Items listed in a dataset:

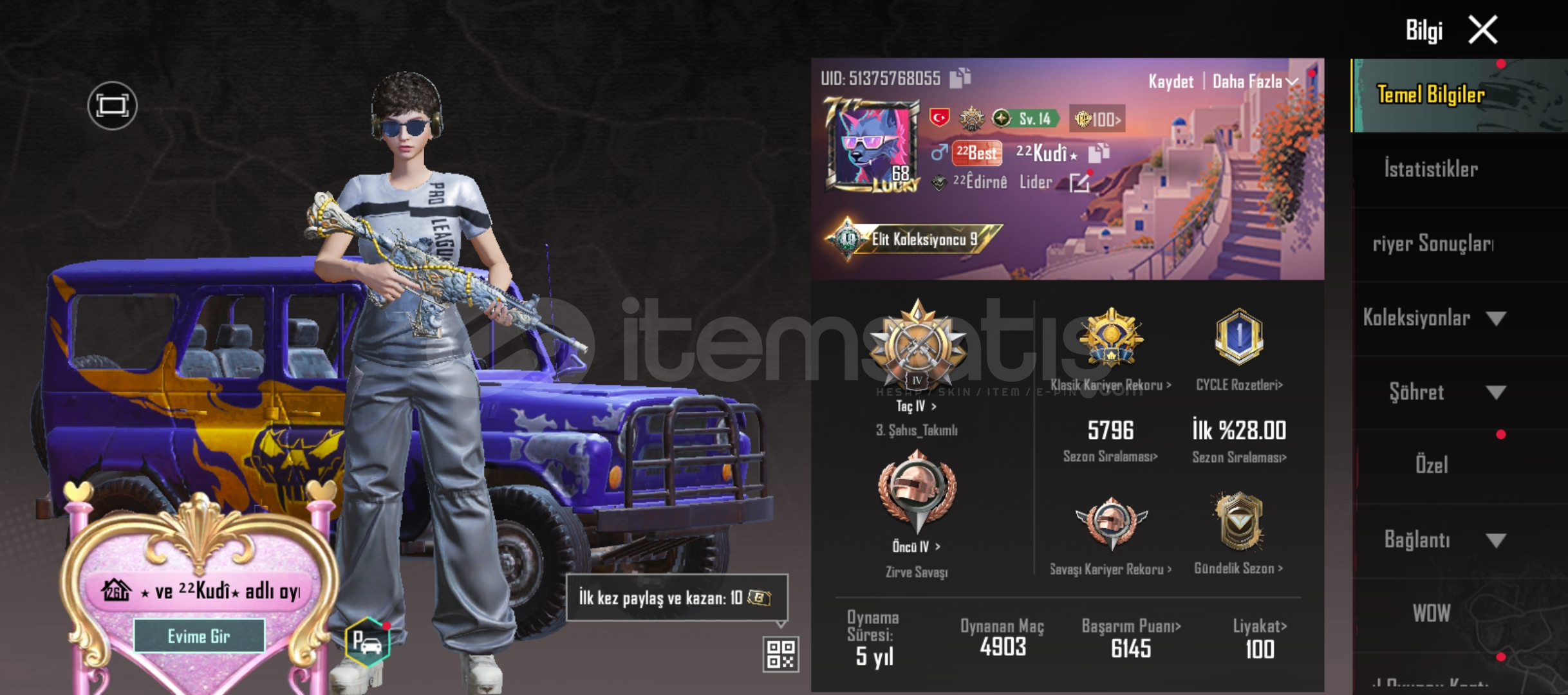 Kombinlik Şeyler Dolu68 Seviye Hesap10 Fotoğraftan Fazla Foto Koyulmadığı İçin ID 51375768055RP Açıktır Fullenmiştir683k Pop Vardır1Aylık Premium Vardır 10Günü Kaldı100Uğurlu Para VardırGümüş Guru M41614Yükseltilebilir Silah
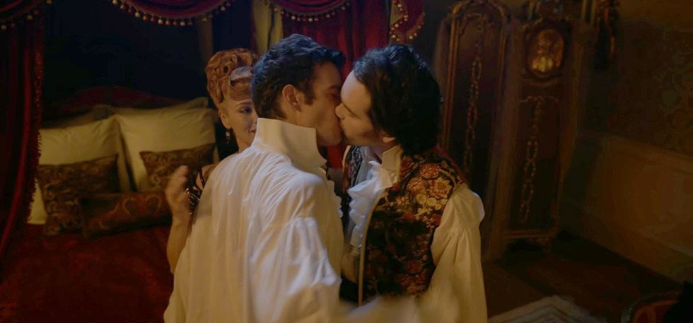 At long last Queen Charlotte: A Bridgerton Story gave us what we've been craving since the very first bosom heaved on this franchise, an actual gay sex scene (yes, yes there was kinda that other one, but you know what we mean)! Brimsley and Reynolds may be talking about the King and Queen but all we care about in this moment is the love in the servant's quarters!
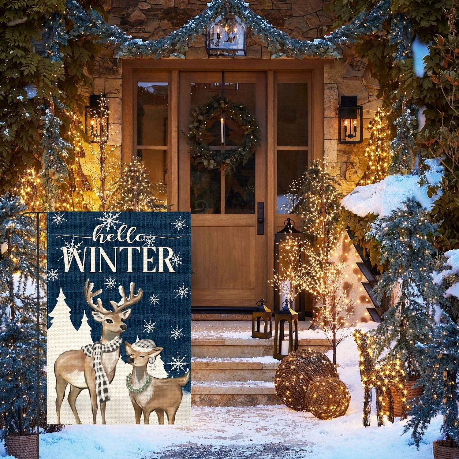 Hello Winter Reindeer Snowflake Garden Flag 12X18 Inch Double Sided Outside, Win
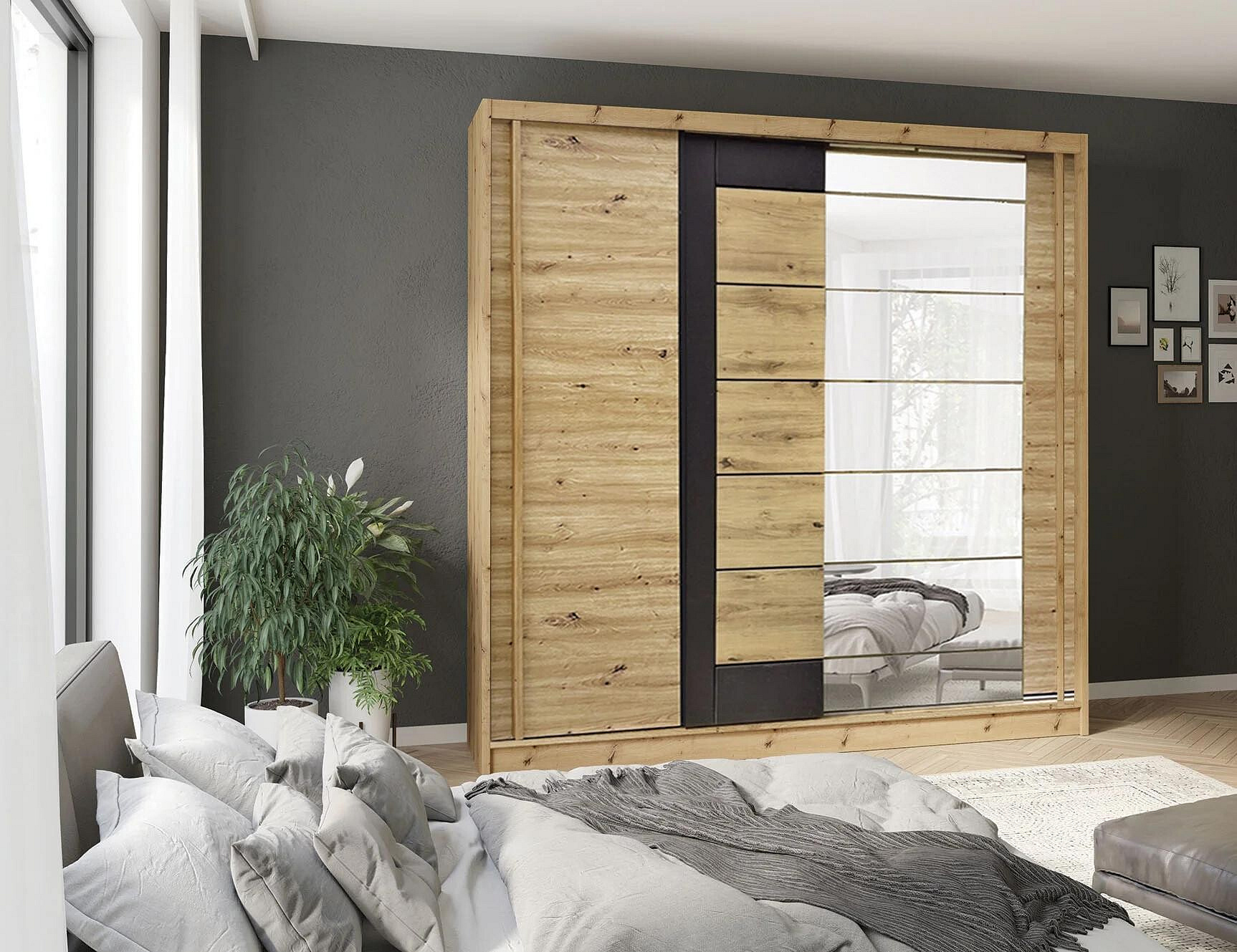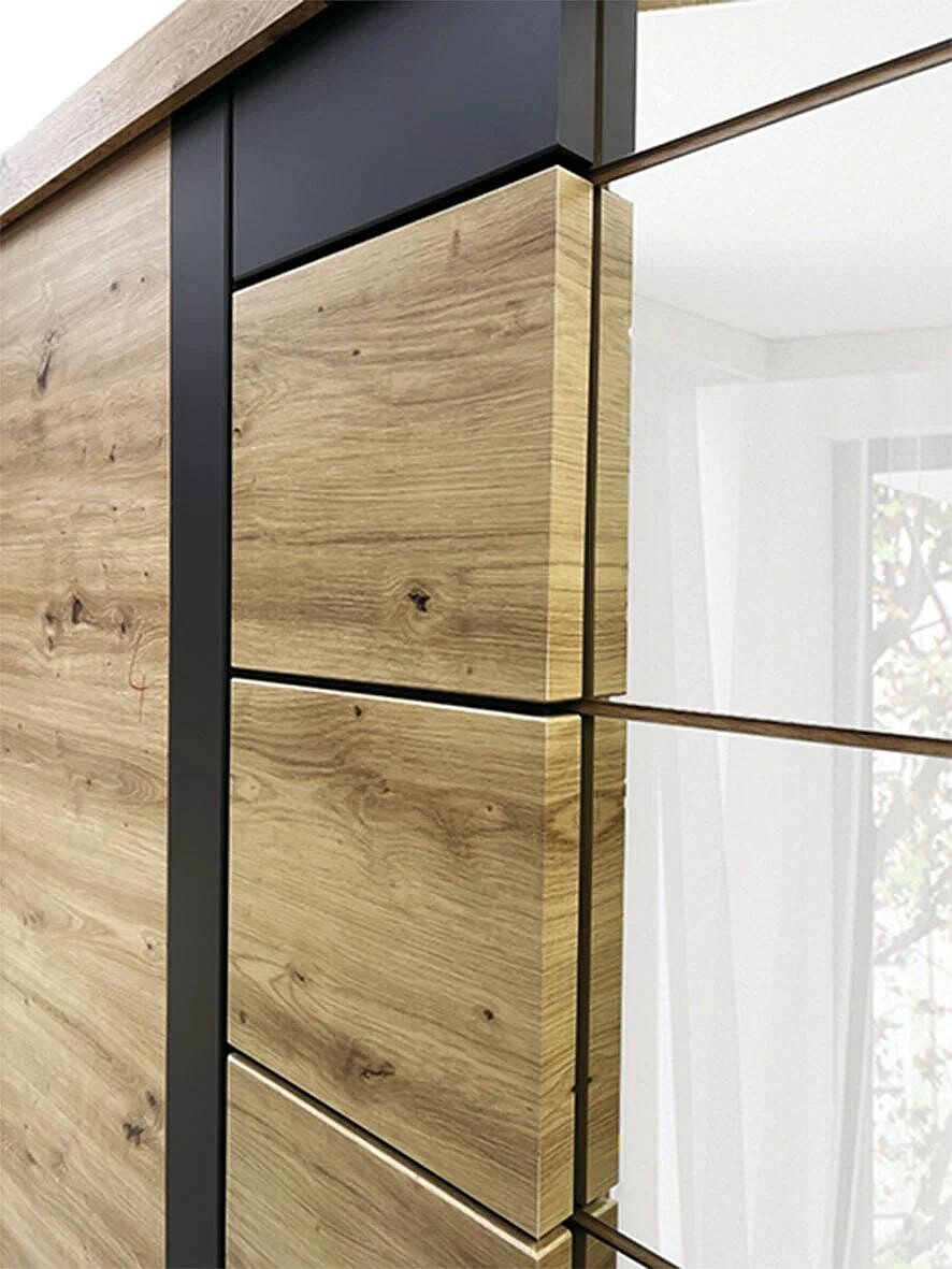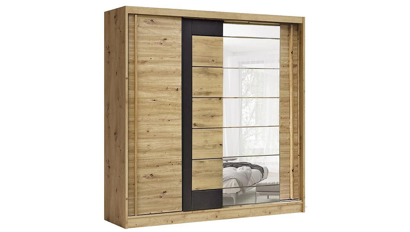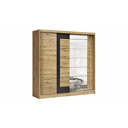 Šatní skříň kombinovaná MOBILE. Základem nábytku jsou kvalitní materiály s vysokou odolnost po celou dobu užívaní. Kombinace v barevném provedení artisan / grafit s detailem z MDF v dekoru dub. Skříň má posuvné dveře se zrcadlem a je vybavená policemi a šatní tyčí.
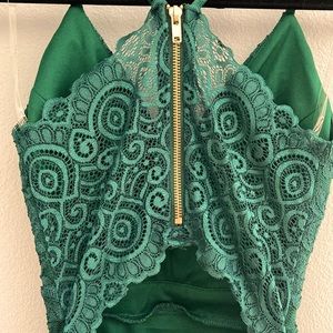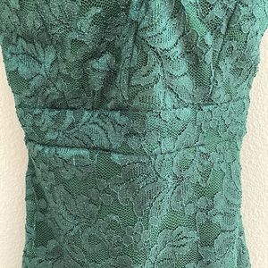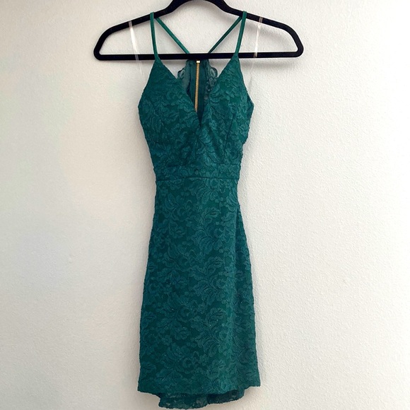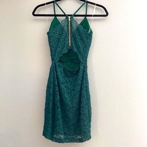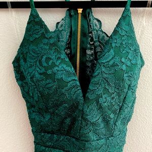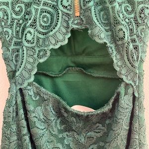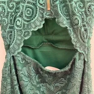 This dress is an absolutely stunning bodycon. Beautiful lace with subtle sparkle all over. The back is super playful and sexy with a zipper and see through lace detailing with a keyhole back. Padding in the bust. Perfect for the winter holiday seasons!
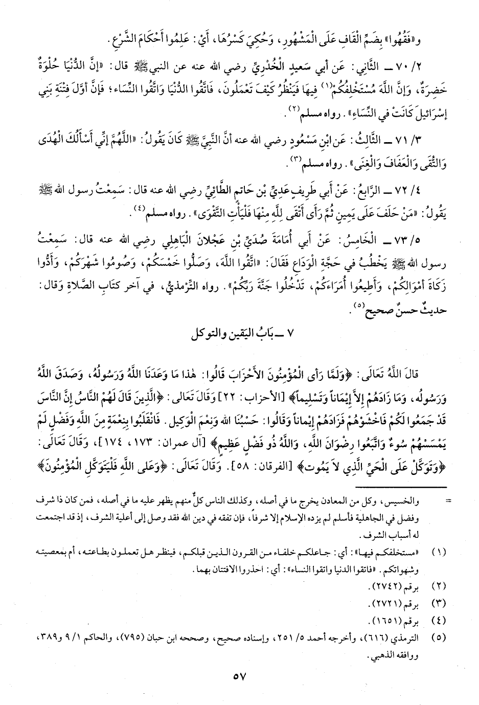 2/70-الثَّانِي: عَنْ أبي سَعيدٍ الْخُدْرِيِّ رضي اللَّه عنه عن النبيِّ صَلّى اللهُ عَلَيْهِ وسَلَّم قَالَ: "إنَّ الدُّنْيا حُلْوَةٌ خضِرَةٌ، وإنَّ اللَّهَ مُسْتَخْلِفُكُمْ فِيهَا. فينْظُر كَيْفَ تَعْمَلُونَ. فَاتَّقوا الدُّنْيَا واتَّقُوا النِّسَاءِ. فَإِنَّ أَوَّلَ فِتْنةِ بَنِي إسْرَائيلَ كَانَتْ في النسَاء" رواه مسلم.

**TASK BRIEF**
Once you find the line containing "At long last", transcribe it and each line after it to the end of the records exactly, and leave out the pictures.

**TASK ANSWER**
 At long last Queen Charlotte: A Bridgerton Story gave us what we've been craving since the very first bosom heaved on this franchise, an actual gay sex scene (yes, yes there was kinda that other one, but you know what we mean)! Brimsley and Reynolds may be talking about the King and Queen but all we care about in this moment is the love in the servant's quarters!
 Hello Winter Reindeer Snowflake Garden Flag 12X18 Inch Double Sided Outside, Win
 Šatní skříň kombinovaná MOBILE. Základem nábytku jsou kvalitní materiály s vysokou odolnost po celou dobu užívaní. Kombinace v barevném provedení artisan / grafit s detailem z MDF v dekoru dub. Skříň má posuvné dveře se zrcadlem a je vybavená policemi a šatní tyčí.
 This dress is an absolutely stunning bodycon. Beautiful lace with subtle sparkle all over. The back is super playful and sexy with a zipper and see through lace detailing with a keyhole back. Padding in the bust. Perfect for the winter holiday seasons!
 2/70-الثَّانِي: عَنْ أبي سَعيدٍ الْخُدْرِيِّ رضي اللَّه عنه عن النبيِّ صَلّى اللهُ عَلَيْهِ وسَلَّم قَالَ: "إنَّ الدُّنْيا حُلْوَةٌ خضِرَةٌ، وإنَّ اللَّهَ مُسْتَخْلِفُكُمْ فِيهَا. فينْظُر كَيْفَ تَعْمَلُونَ. فَاتَّقوا الدُّنْيَا واتَّقُوا النِّسَاءِ. فَإِنَّ أَوَّلَ فِتْنةِ بَنِي إسْرَائيلَ كَانَتْ في النسَاء" رواه مسلم.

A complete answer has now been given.